With increase in the number of patients suffering from Congenital Hypothyroidism in the state, doctors in the city have stressed on the necessity of implementing universal screening programme among newborn babies.

Doctors who attended a programme in a city hotel on Thursday strongly advocated for a legislation mandating the universal screening programme for newborns. In most cases, it was found that patients were screened at the age of 30.

Doctors have stressed on the importance of early diagnosis as it would become easier for them to treat the patients once the disease is diagnosed at the earliest.

Congenital Hypothyroidism (CH) is a condition that arises when a newborn baby is deficient in thyroid hormone. It is important to be aware about this condition as it is not very common and, if not identified on time, can cause permanent damage to the child’s growth. Thyroid hormone plays an important role in development of the brain and other functions of the body, like metabolism, growth and development.

The first few years of a child’s life are extremely crucial for mental and physical development, as it is the time when the nervous system develops. If adequate amount of thyroid hormone is not available, the human brain cannot develop normally. A child who is diagnosed and treated at a later stage will catch up on physical growth, but will lack appropriate mental development. Therefore, early identification, diagnosis and treatment are essential.

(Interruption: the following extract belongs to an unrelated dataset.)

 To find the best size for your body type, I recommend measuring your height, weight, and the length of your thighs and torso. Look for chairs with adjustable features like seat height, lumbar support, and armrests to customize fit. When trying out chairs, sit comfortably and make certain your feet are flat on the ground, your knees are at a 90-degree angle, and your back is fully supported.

Once a baby is diagnosed with CH, he or she begins to receive thyroid hormone replacement. Levothyroxine is given orally to the patients, which is a synthetic thyroid hormone similar to the hormone secreted by the thyroid gland. Treatment should usually be initiated within the first few weeks of birth.

As per a study by the Indian Council of Medical Research, it affects 1 in 1500 children in Kolkata. In India, according to most of available studies, the prevalence of CH is 1 in 2640 newborns. It can occur because of an anatomic defect in the gland, an inborn error of thyroid metabolism, or iodine deficiency. Worldwide, the condition affects 1 in 3,800 newborn babies.

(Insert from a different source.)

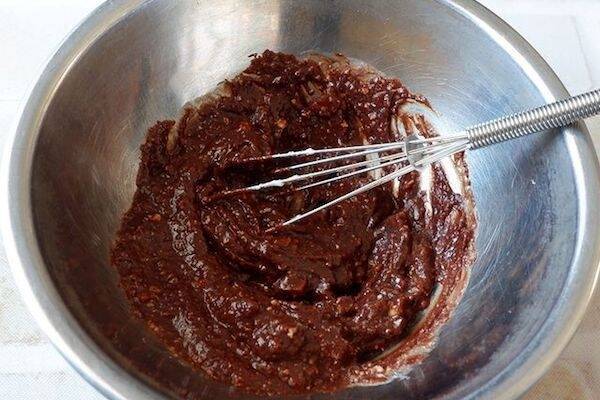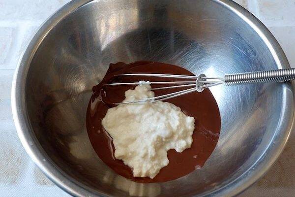 板チョコレートが溶けたら豆腐、イチジク、お好みでラム酒を入れ混ぜ合わせる。
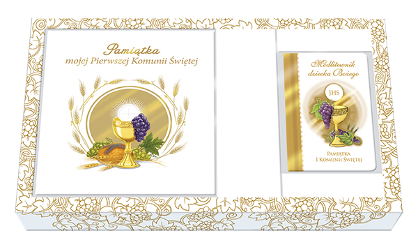 Pamiątka mojej Pierwszej Komunii Świętej jest bogato ilustrowanym albumikiem, w którym zapisać można najważniejsze wydarzenia oraz umieścić fotografie z uroczystości pierwszokomunijnej. Modlitewnik dziecka Bożego w złoconej oprawie zawiera wszystkie ważne modlitwy, mały katechizm, popularne pieśni oraz informacje dotyczące sakramentów świętych.

The disease does not show many symptoms in the baby, after his or her birth, even if there is complete lack of development of the thyroid gland. This is because a small amount of thyroid hormone from the mother is transferred to the baby during pregnancy. Around 10 per cent of infants with CH have other associated abnormalities; most commonly witnessed are cardiac abnormalities, followed by abnormalities of the nervous system and eyes.

Dr Subhankar Chowdhury, Head of Endocrinology Department, SSKM Hospital, while addressing the programme said: “It is unfortunate that patients get the screening done at the age of 30 due to the lack of awareness. This is predominantly a genetic disorder. The treatment becomes easier if the patients are diagnosed early.”

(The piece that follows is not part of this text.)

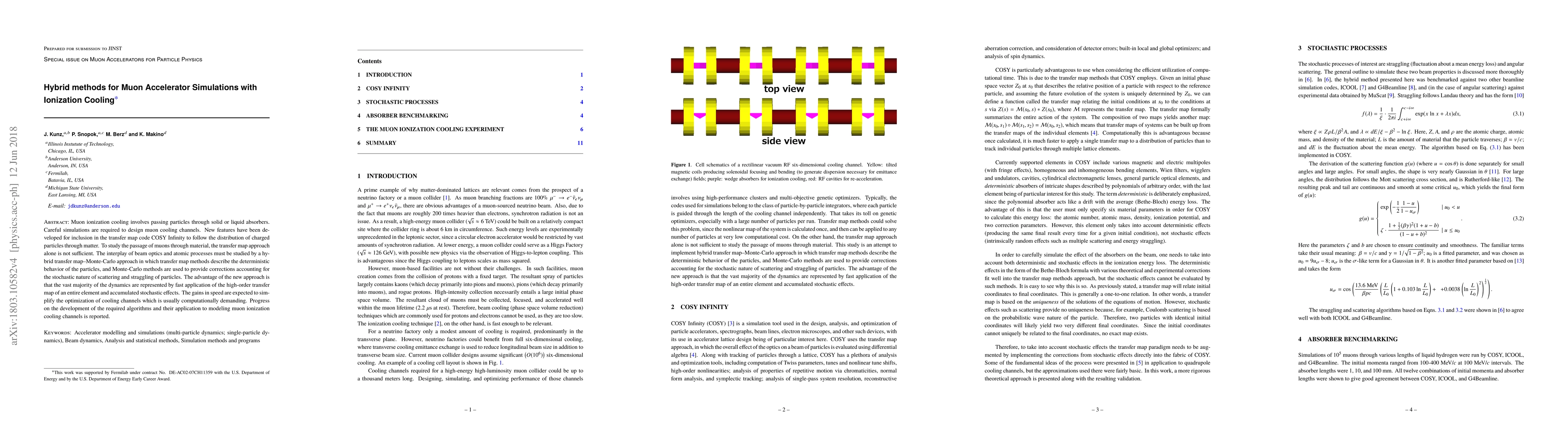 Muon ionization cooling involves passing particles through solid or liquid absorbers. Careful simulations are required to design muon cooling channels. New features have been developed for inclusion in the transfer map code COSY Infinity to follow the distribution of charged particles through matter. To study the passage of muons through material, the transfer map approach alone is not sufficient. The interplay of beam optics and atomic processes must be studied by a hybrid transfer map--Monte-Carlo approach in which transfer map methods describe the deterministic behavior of the particles, and Monte-Carlo methods are used to provide corrections accounting for the stochastic nature of scattering and straggling of particles. The advantage of the new approach is that the vast majority of the dynamics are represented by fast application of the high-order transfer map of an entire element and accumulated stochastic effects. The gains in speed are expected to simplify the optimization of cooling channels which is usually computationally demanding. Progress on the development of the required algorithms and their application to modeling muon ionization cooling channels is reported.

Dr Kaushik Pandit, consultant endocrinologist, Belle Vue Clinic and Fortis Hospital, said: “Congenital Hypothyroidism is an easily identified condition and timely detection can help in fast track treatment procedures. No child deserves to be left undiagnosed. And for this, universal newborn screening is a must. If every newborn is screened, no child will suffer from Congenital Hypothyroidism.”

Dr Sujoy Ghosh, associate professor, Endocrinology department, SSKM HOSPITAL said: “There is a need to have a legislation which mandates universal screening program for newborns. State governments should work towards setting up the process for newborn screening for several conditions, including Congenital Hypothyroidism.”